An {Engel structure} on a \(4\)-dimensional manifold \(M\) is a smooth rank-\(2\) distribution \(\mathcal{D}\) with the property that \([\mathcal{D}\),\( \mathcal{D]}\) is an even contact structure \(\mathcal{E}\) (i.e., a maximally non-integrable smooth hyperplane field \(\mathcal{E}\)).
A { bi-Engel structure} on a \(4\)-dimensional manifold \(M\) is a pair of Engel structures \((\mathcal{D}_{+}\),\(\mathcal{D}_{-}\mathcal{)}\) inducing the same even contact structure \(\mathcal{E}\), defining opposite orientations for \(\mathcal{E}\) and having a one-dimensional intersection.
In the paper under review, the authors study bi-Engel structures.
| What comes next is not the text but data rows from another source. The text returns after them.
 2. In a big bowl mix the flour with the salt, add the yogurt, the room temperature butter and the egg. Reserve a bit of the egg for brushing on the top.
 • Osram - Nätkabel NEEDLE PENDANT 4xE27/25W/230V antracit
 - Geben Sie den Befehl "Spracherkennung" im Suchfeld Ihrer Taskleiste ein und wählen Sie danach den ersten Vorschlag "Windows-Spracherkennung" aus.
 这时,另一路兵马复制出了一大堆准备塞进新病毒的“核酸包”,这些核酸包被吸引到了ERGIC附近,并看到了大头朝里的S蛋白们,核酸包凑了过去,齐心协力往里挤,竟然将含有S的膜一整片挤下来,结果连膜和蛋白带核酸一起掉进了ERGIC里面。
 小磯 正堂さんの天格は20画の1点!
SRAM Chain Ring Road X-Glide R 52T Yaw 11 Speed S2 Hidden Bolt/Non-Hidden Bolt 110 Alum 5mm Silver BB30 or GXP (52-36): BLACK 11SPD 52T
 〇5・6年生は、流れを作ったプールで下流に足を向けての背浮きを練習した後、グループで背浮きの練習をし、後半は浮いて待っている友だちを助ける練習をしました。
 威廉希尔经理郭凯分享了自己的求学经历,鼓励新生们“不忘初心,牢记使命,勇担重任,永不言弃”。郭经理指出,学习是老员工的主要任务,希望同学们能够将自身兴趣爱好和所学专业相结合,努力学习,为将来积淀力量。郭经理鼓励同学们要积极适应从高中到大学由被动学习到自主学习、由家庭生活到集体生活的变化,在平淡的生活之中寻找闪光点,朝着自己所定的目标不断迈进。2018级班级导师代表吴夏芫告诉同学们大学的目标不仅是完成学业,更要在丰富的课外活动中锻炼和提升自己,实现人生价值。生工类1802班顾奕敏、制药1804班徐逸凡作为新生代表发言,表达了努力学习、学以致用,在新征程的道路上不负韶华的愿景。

The main result of the paper gives the correspondence between bi-Engel structures and a class of weakly hyperbolic flows.

MSC:

37D40 Dynamical systems of geometric origin and hyperbolicity (geodesic and horocycle flows, etc.)
58A30 Vector distributions (subbundles of the tangent bundles)
37D30 Partially hyperbolic systems and dominated splittings
53D35 Global theory of symplectic and contact manifolds
53D10 Contact manifolds (general theory)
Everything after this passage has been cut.